What treatment options are available for DME?

Once you have been diagnosed with DME, there are several available treatment options that can help to stop or reduce vision loss. In the first place, your doctor will aim to improve the control of your diabetes, including the below changes to your lifestyle (1):

  • Changing your diet to maintain a healthy weight
  • Increasing the amount you exercise
  • Helping you to quit smoking
  • Closely monitoring blood sugar (glucose) levels to ensure they are under control

Your physician will also suggest medical treatments to recover or stop vision loss, which can be used alone or together. These treatments include procedures directly involving the eye, such as injections and implants; however, your eye care specialist will ensure the procedures are painless by numbing your eyes with an anaesthetic first (6)

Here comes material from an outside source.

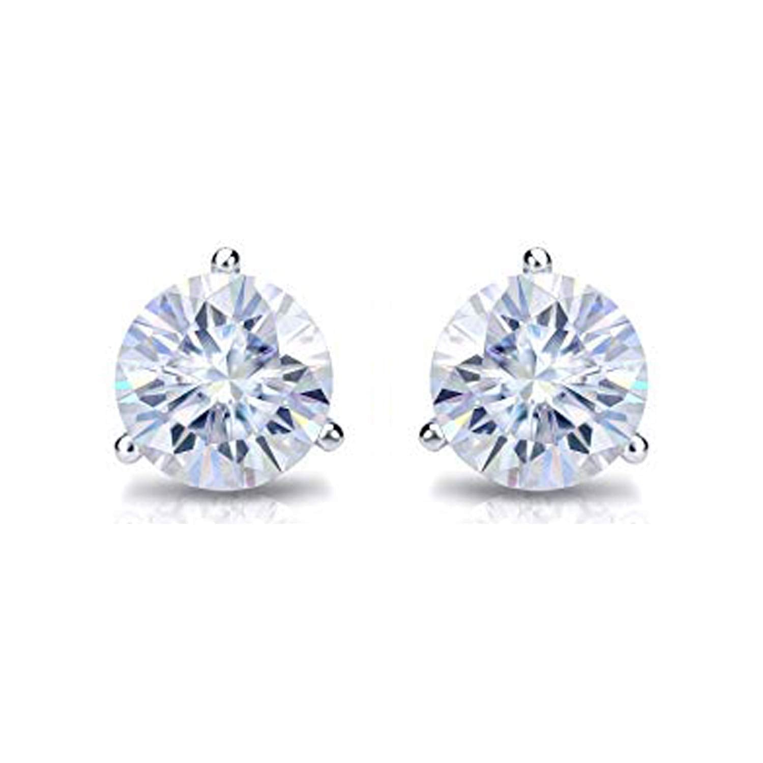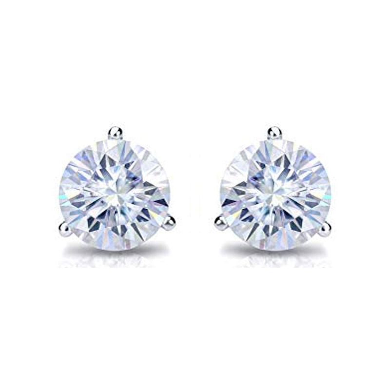 Jewelili 14K White Gold 1/2 CTTW Natural White Round Diamonds Stud Earrings
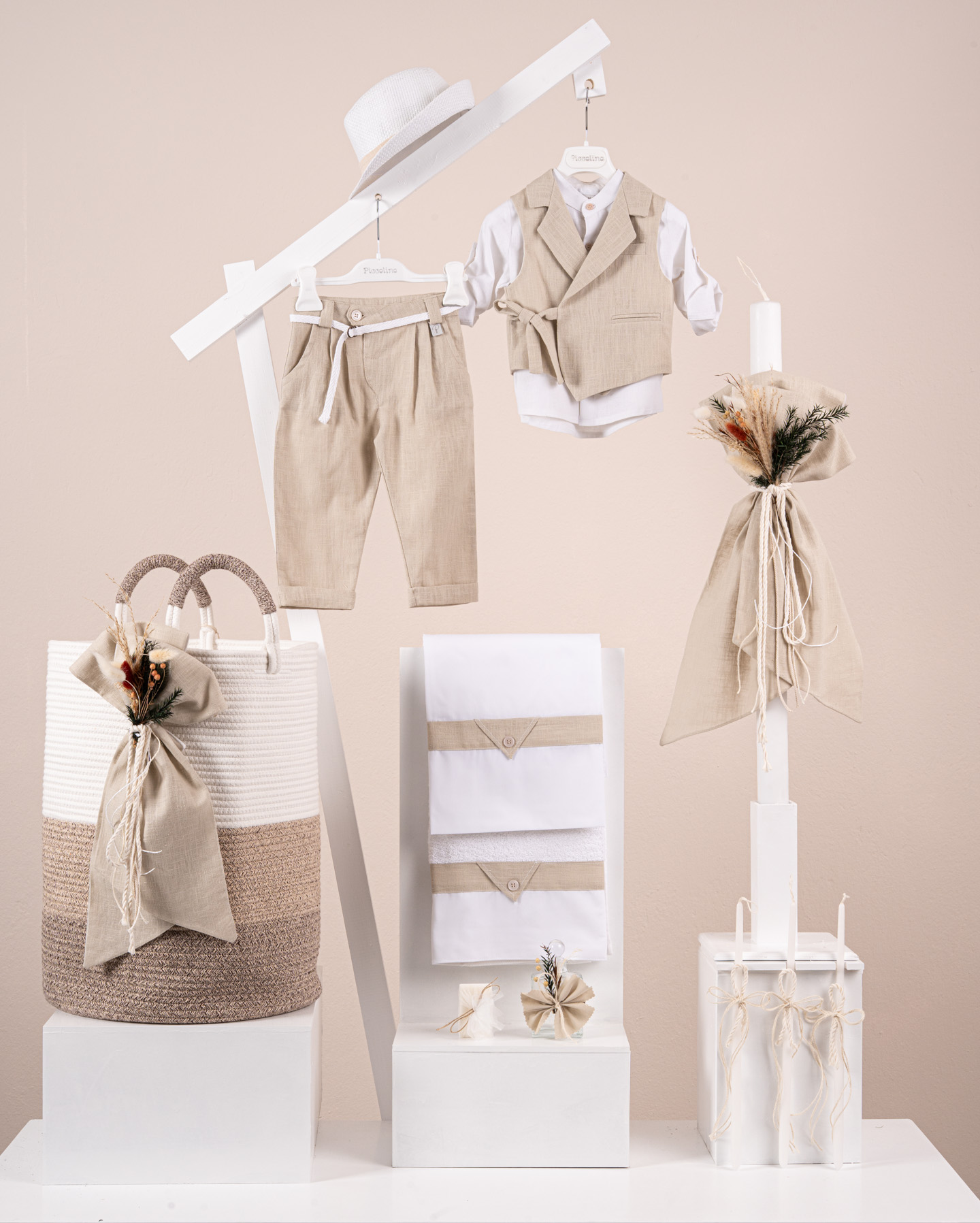 Βαπτιστικό πακέτο Piccolino Fabio beige περιλαμβάνει κοστούμι ,σετ λαδόπανα, λαμπάδα, λαδοσετ και στολισμένο barel beige

  • Anti-VEGF treatment: Anti-VEGF treatments, also known as VEGF inhibitors, are medicines that target the protein VEGF (vascular endothelial growth factor). VEGF, at high levels, can trigger abnormal blood vessel growth and bleeding. Blocking VEGF with anti-VEGF treatments stops the leaking of fluids, swelling of the macula, and abnormal blood vessels from growing (2; 7). Anti-VEGF treatments improve your vision and may be the first choice of drugs your physician will suggest (2; 7)
  • Steroid treatment: Steroids can be injected, either directly or using a slow-release implant, into the eye and can help reduce inflammation that contributes to the symptoms of DME (2)
  • Laser treatment: A laser is used to seal leaking blood vessels. This slows down the abnormal leakage of blood and reduces the fluid build-up in the macula region of the eyes. In turn, the swelling reduces, which stops your eyesight from getting worse (7; 8); however, actual improvements in vision only happen in some cases (6)

(Fig 4) Treatment options for DME include anti-VEGF injections, steroids (implant), and laser


  • New treatments exploring new pathways: Researchers are constantly looking for new and better ways to detect, prevent, and treat vision loss in DME. This also includes the testing and comparison of new therapies to find the best treatments for you


If you have diabetes, it is important to attend regular screening sessions to test your eyesight and maintain a healthy lifestyle.